=== Available data ===

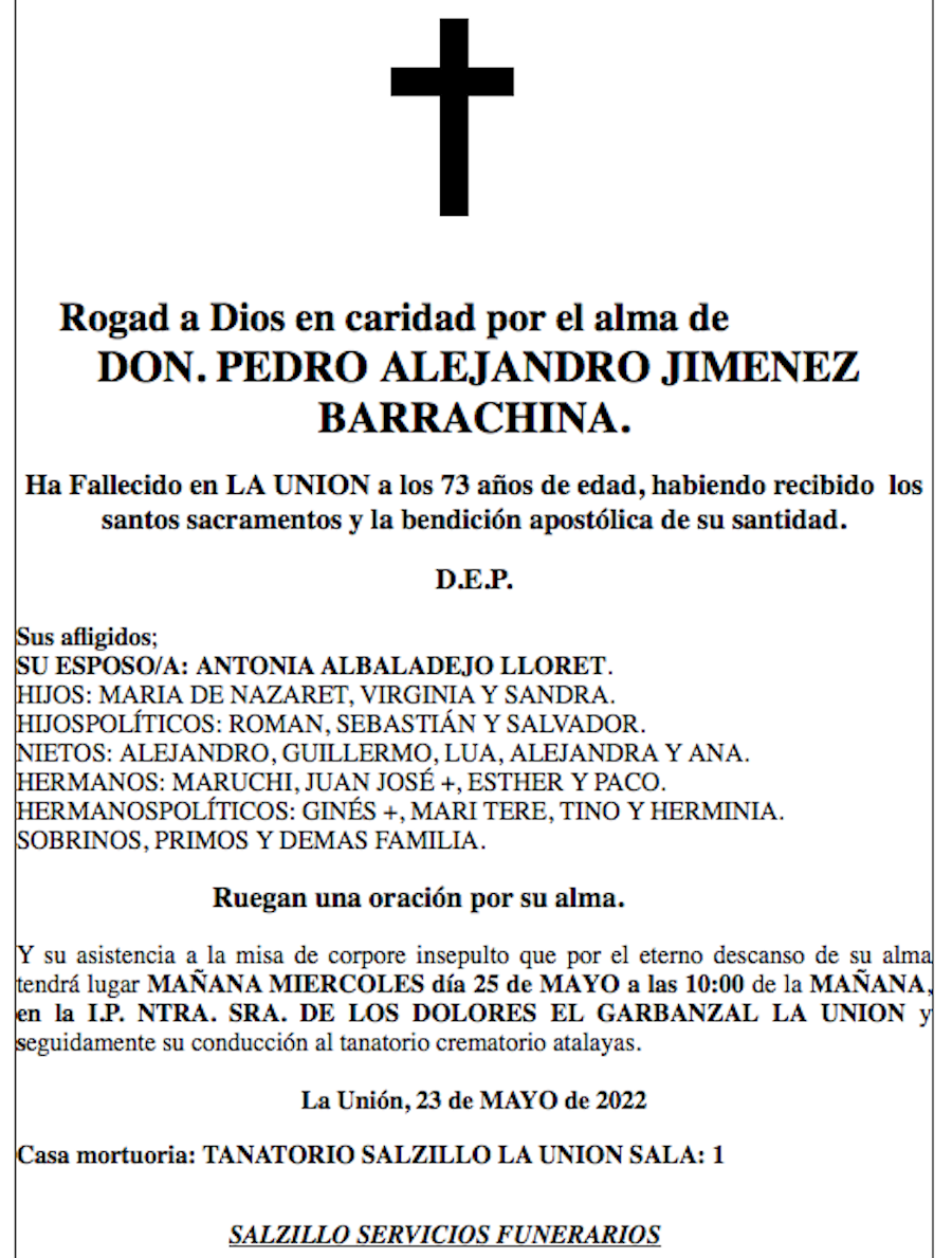 Sus afligidos esposa (Antonia Albaladejo Lloret), hijos (María de Nazaret, Virginia y Sandra), hijos políticos (Román, Sebastián y Salvador), nietos (Alejandro, Guillermo, Lua, Alejandra y Ana), hermanos (Maruchi, Juan José+, Esther y Paco), hermanos políticos (Ginés+, Mari Tere, Tino y Herminia), sobrinos, primos y demás familia ruegan una oración por su alma y su asistencia a la misa de corpore insepulto que por el eterno descanso de su alma tendrá lugar este miércoles, 25 de mayo, a las 10 horas, en la iglesia parroquial de Nuestra Señora de los Dolores de El Garbanzal, en La Unión y seguidamente su conducción al tanatorio crematorio Atalayas.
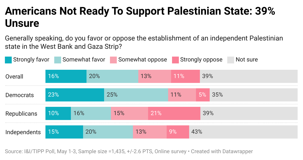 On this question, the biggest response was "not sure," with 39%. A small 36% plurality either "strongly favored" (16%) or "somewhat favored" (20%) a Palestinian state, versus 24% that rejected the move either "strongly" (11%) or "somewhat" (13%).
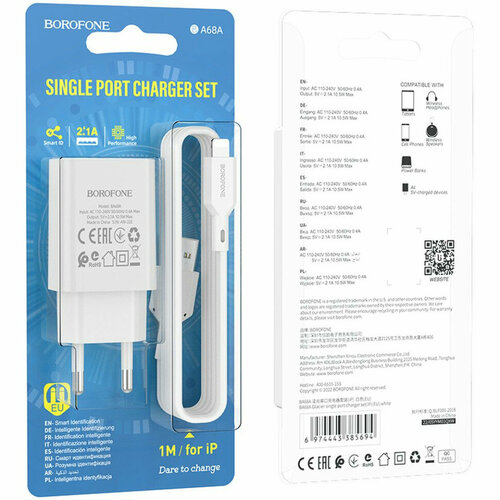 Зарядное устройство Borofone BA68A Glacier, белый (1xUSB, 2.1A, кабель 8pin). BOROFONE BA68A Glacier сетевое зарядное устройство с выходом USB 5V / 2.1A, вилка EU, набор с кабелем для Lightning. 1. Материал изготовления: огнестойкий ABS + PC. 2. Выход: USB-A – 5V / 2.1A. 3. Вилка EU. 4. Размеры зарядного устройства: 83*35*23мм. Вес зарядного устройства: 27г. Вес набора с кабелем: 41г. 5. Набор с кабелем 1м для Lightning. .
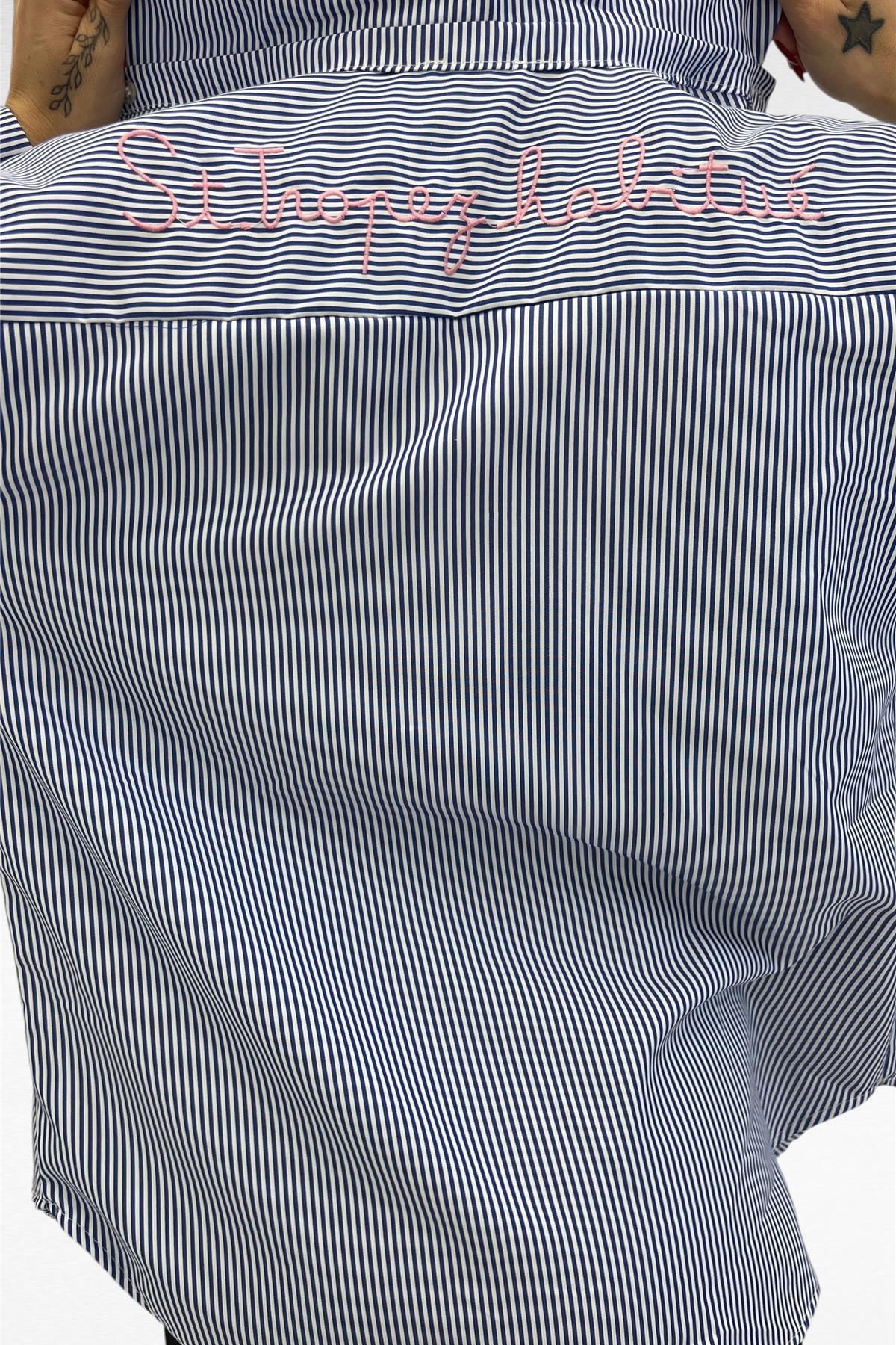 Camicia con bottoni reali , stampa sul retro "ST.TROPEZ HABITUE' "
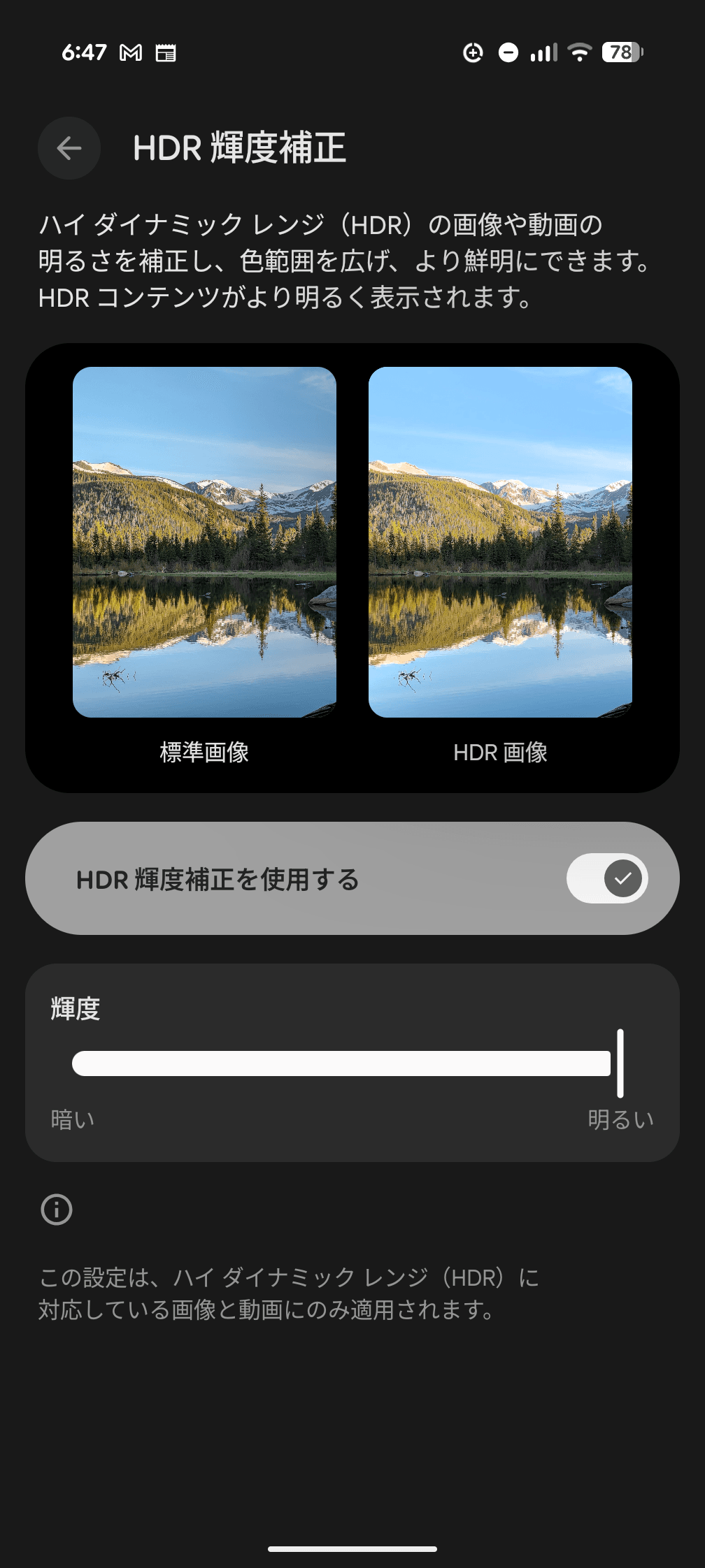 この設定画面では、HDRコンテンツが表示される際の輝度をスライダーで細かく調整できる。あるいは、HDRコンテンツ表示時に画面が明るくなること自体を無効にすることも可能だ。これは、ユーザーが自身の視聴環境や好みに合わせて、より快適なメディア体験を構築できるようにするための、きめ細やかな配慮と言える。
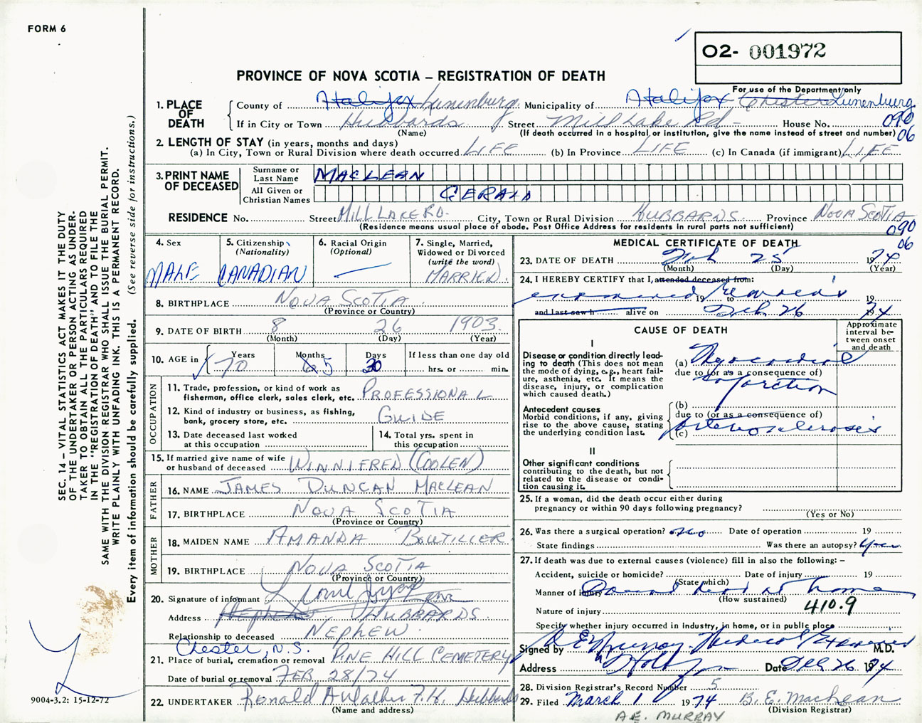 Male Death Registration: Year: 1974 number: 1972
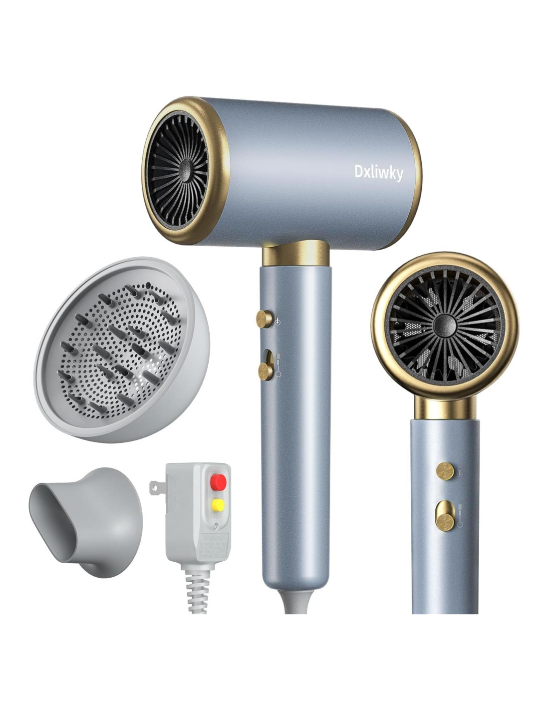 - 1875W Motor Potente, 2X Secado más Rápido para Ahorrar Tiempo. El secador de pelo Dxliwky está equipado con avanzadas aspas de ventilador sin polvo, alimentadas por motores altamente eficientes de 1875W que aseguran un flujo de aire fuerte y constante. Combinado con un diseño aerodinámico interno especialmente elaborado, un secado más rápido significa ahorro de tiempo y menos daño a tu cabello.
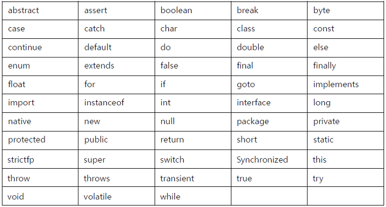 예약어는 ‘키워드’ 또는 ‘리져브드 워드’ 라고 하며, 프로그래밍언어의 구문에 사용되는 단어를 의미한다. 예약어는 변수 뿐만 아니라 클래스, 메서드의 이름으로도 사용할 수 없다.
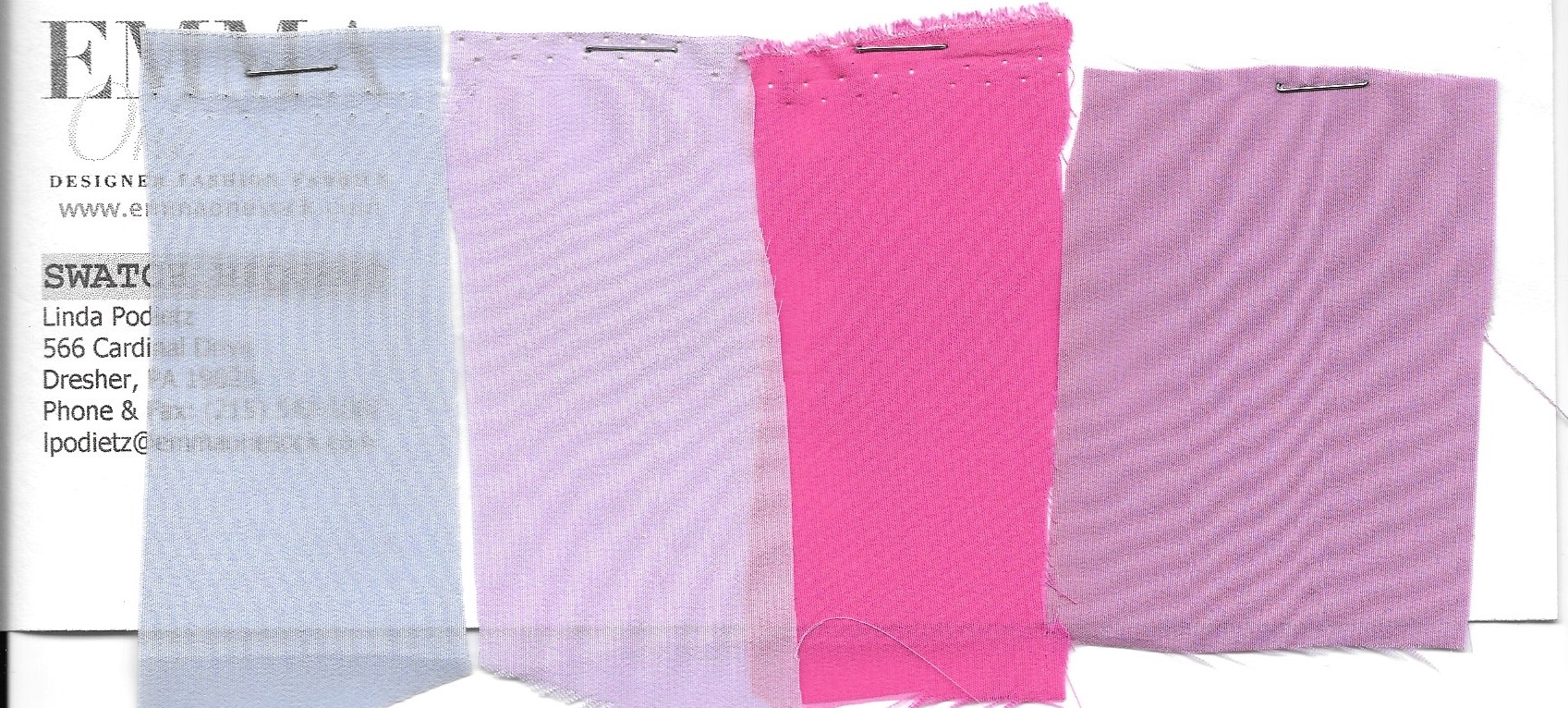 When it came to the lining, I knew I wanted to use silk crepe de chine. I ordered some swatches from Emma One Sock fabrics:

===

Assignment. Please transcribe the whole listing above exactly, with the images left out.

Response below.
 Sus afligidos esposa (Antonia Albaladejo Lloret), hijos (María de Nazaret, Virginia y Sandra), hijos políticos (Román, Sebastián y Salvador), nietos (Alejandro, Guillermo, Lua, Alejandra y Ana), hermanos (Maruchi, Juan José+, Esther y Paco), hermanos políticos (Ginés+, Mari Tere, Tino y Herminia), sobrinos, primos y demás familia ruegan una oración por su alma y su asistencia a la misa de corpore insepulto que por el eterno descanso de su alma tendrá lugar este miércoles, 25 de mayo, a las 10 horas, en la iglesia parroquial de Nuestra Señora de los Dolores de El Garbanzal, en La Unión y seguidamente su conducción al tanatorio crematorio Atalayas.
 On this question, the biggest response was "not sure," with 39%. A small 36% plurality either "strongly favored" (16%) or "somewhat favored" (20%) a Palestinian state, versus 24% that rejected the move either "strongly" (11%) or "somewhat" (13%).
 Зарядное устройство Borofone BA68A Glacier, белый (1xUSB, 2.1A, кабель 8pin). BOROFONE BA68A Glacier сетевое зарядное устройство с выходом USB 5V / 2.1A, вилка EU, набор с кабелем для Lightning. 1. Материал изготовления: огнестойкий ABS + PC. 2. Выход: USB-A – 5V / 2.1A. 3. Вилка EU. 4. Размеры зарядного устройства: 83*35*23мм. Вес зарядного устройства: 27г. Вес набора с кабелем: 41г. 5. Набор с кабелем 1м для Lightning. .
 Camicia con bottoni reali , stampa sul retro "ST.TROPEZ HABITUE' "
 この設定画面では、HDRコンテンツが表示される際の輝度をスライダーで細かく調整できる。あるいは、HDRコンテンツ表示時に画面が明るくなること自体を無効にすることも可能だ。これは、ユーザーが自身の視聴環境や好みに合わせて、より快適なメディア体験を構築できるようにするための、きめ細やかな配慮と言える。
 Male Death Registration: Year: 1974 number: 1972
 - 1875W Motor Potente, 2X Secado más Rápido para Ahorrar Tiempo. El secador de pelo Dxliwky está equipado con avanzadas aspas de ventilador sin polvo, alimentadas por motores altamente eficientes de 1875W que aseguran un flujo de aire fuerte y constante. Combinado con un diseño aerodinámico interno especialmente elaborado, un secado más rápido significa ahorro de tiempo y menos daño a tu cabello.
 예약어는 ‘키워드’ 또는 ‘리져브드 워드’ 라고 하며, 프로그래밍언어의 구문에 사용되는 단어를 의미한다. 예약어는 변수 뿐만 아니라 클래스, 메서드의 이름으로도 사용할 수 없다.
 When it came to the lining, I knew I wanted to use silk crepe de chine. I ordered some swatches from Emma One Sock fabrics:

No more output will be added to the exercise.